# Records provided:
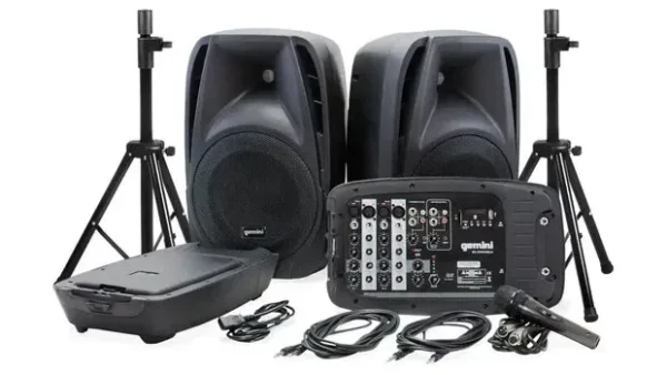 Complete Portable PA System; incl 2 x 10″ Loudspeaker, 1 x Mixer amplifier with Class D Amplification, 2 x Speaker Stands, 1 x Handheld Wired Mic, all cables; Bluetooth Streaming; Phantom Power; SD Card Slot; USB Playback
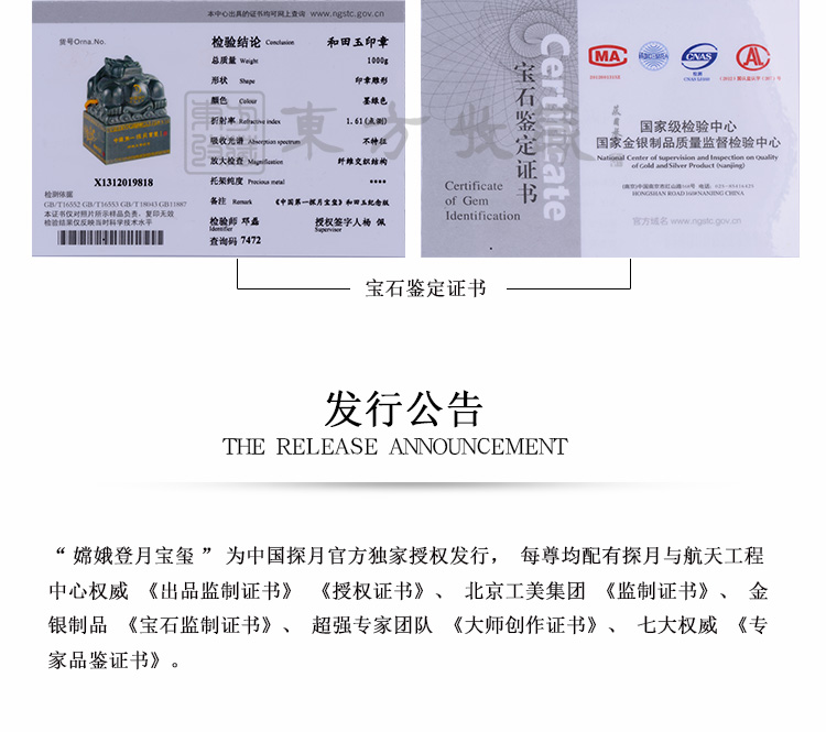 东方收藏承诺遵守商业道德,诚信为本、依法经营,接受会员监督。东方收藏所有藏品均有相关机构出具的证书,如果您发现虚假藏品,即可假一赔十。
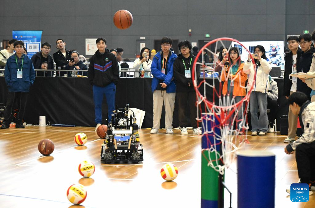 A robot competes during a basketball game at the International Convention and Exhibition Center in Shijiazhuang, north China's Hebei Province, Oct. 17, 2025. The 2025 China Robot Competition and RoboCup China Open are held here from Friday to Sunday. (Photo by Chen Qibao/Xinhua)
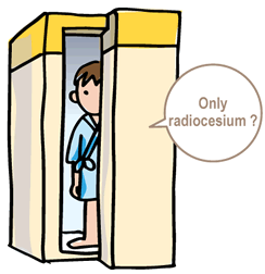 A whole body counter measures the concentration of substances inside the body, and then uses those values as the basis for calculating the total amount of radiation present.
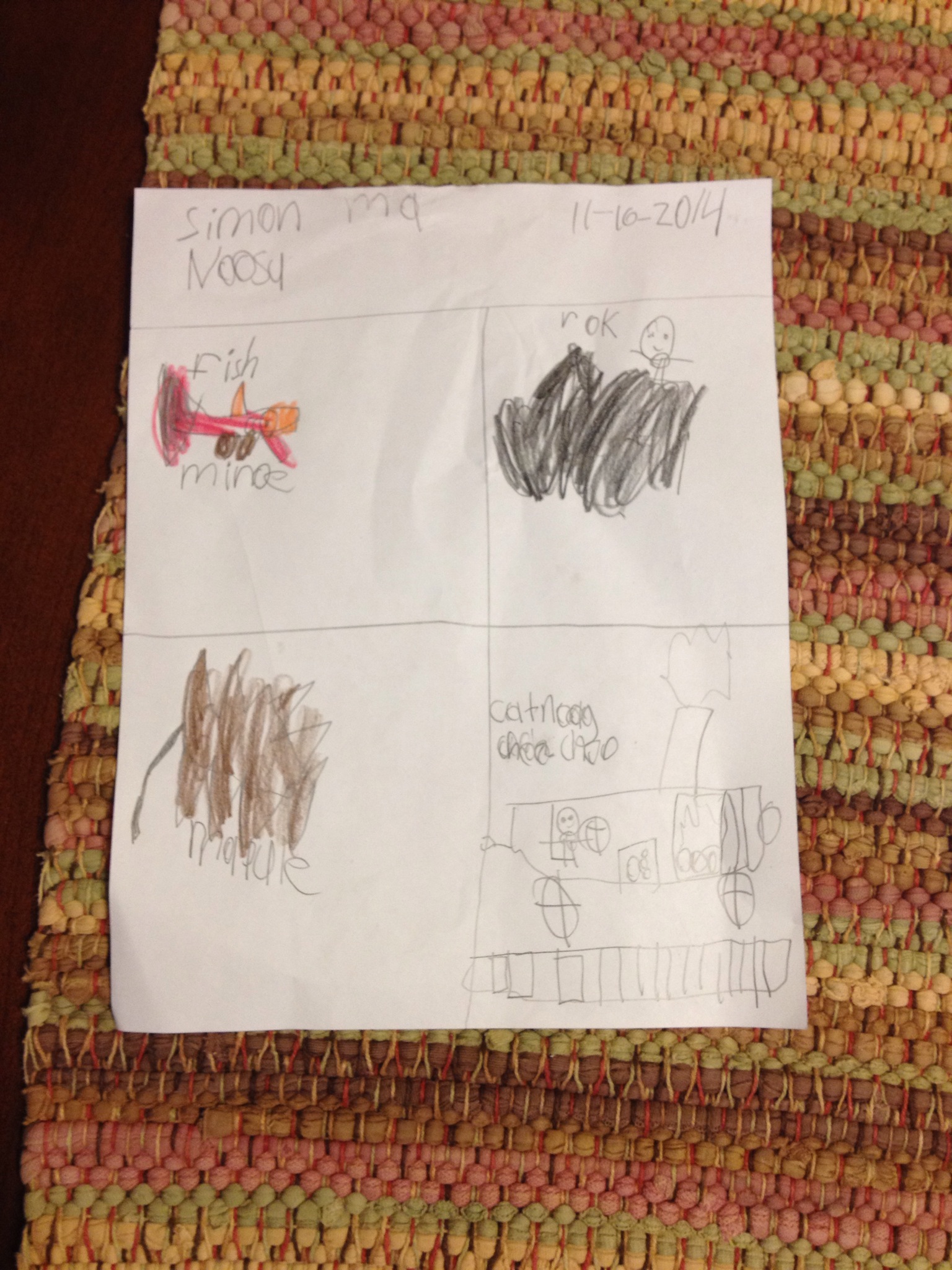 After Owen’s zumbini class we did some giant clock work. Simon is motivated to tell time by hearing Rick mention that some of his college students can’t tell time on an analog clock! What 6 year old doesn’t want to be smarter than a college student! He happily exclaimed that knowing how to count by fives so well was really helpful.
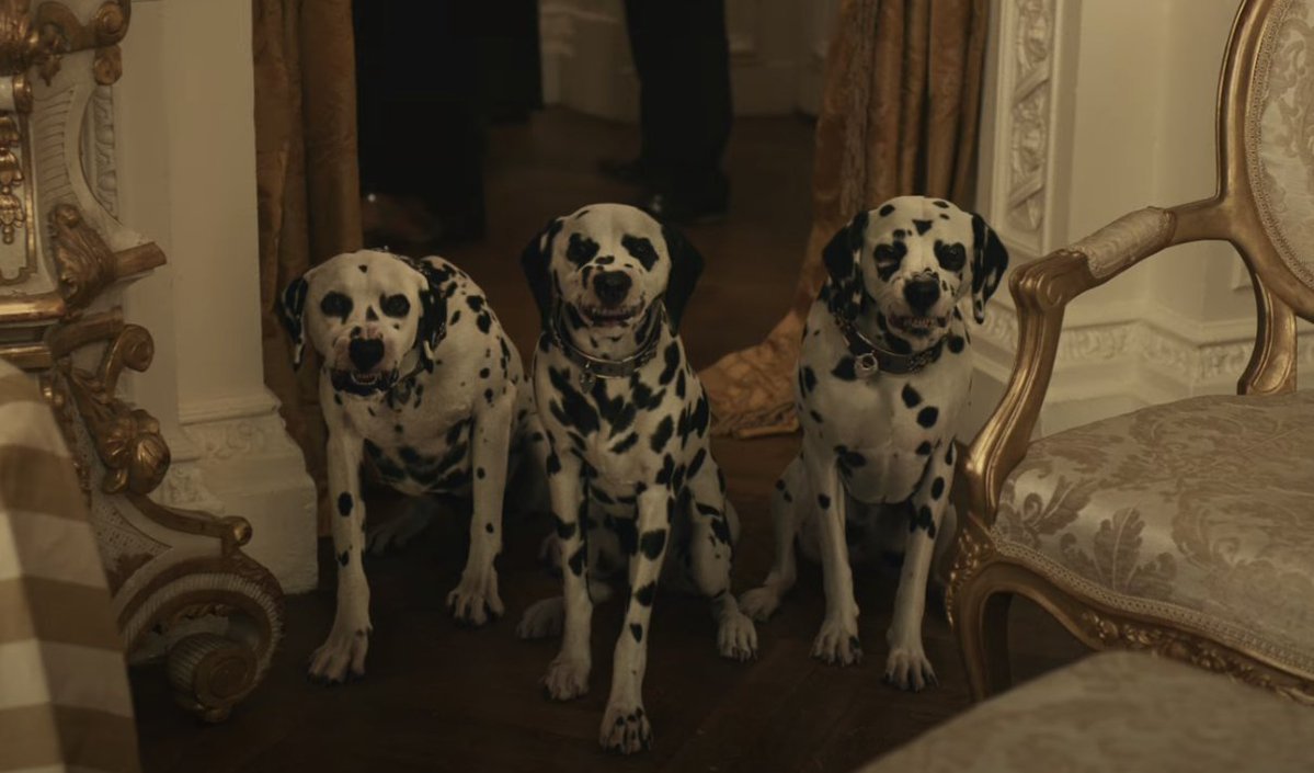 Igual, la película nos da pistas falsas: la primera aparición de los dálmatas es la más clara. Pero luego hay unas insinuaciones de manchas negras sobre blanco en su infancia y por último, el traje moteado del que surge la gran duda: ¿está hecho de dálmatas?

# Work item:
In the records above, find the line that contains "A robot competes". Print it and every later line exactly, omitting the pictures.

# Result:
 A robot competes during a basketball game at the International Convention and Exhibition Center in Shijiazhuang, north China's Hebei Province, Oct. 17, 2025. The 2025 China Robot Competition and RoboCup China Open are held here from Friday to Sunday. (Photo by Chen Qibao/Xinhua)
 A whole body counter measures the concentration of substances inside the body, and then uses those values as the basis for calculating the total amount of radiation present.
 After Owen’s zumbini class we did some giant clock work. Simon is motivated to tell time by hearing Rick mention that some of his college students can’t tell time on an analog clock! What 6 year old doesn’t want to be smarter than a college student! He happily exclaimed that knowing how to count by fives so well was really helpful.
 Igual, la película nos da pistas falsas: la primera aparición de los dálmatas es la más clara. Pero luego hay unas insinuaciones de manchas negras sobre blanco en su infancia y por último, el traje moteado del que surge la gran duda: ¿está hecho de dálmatas?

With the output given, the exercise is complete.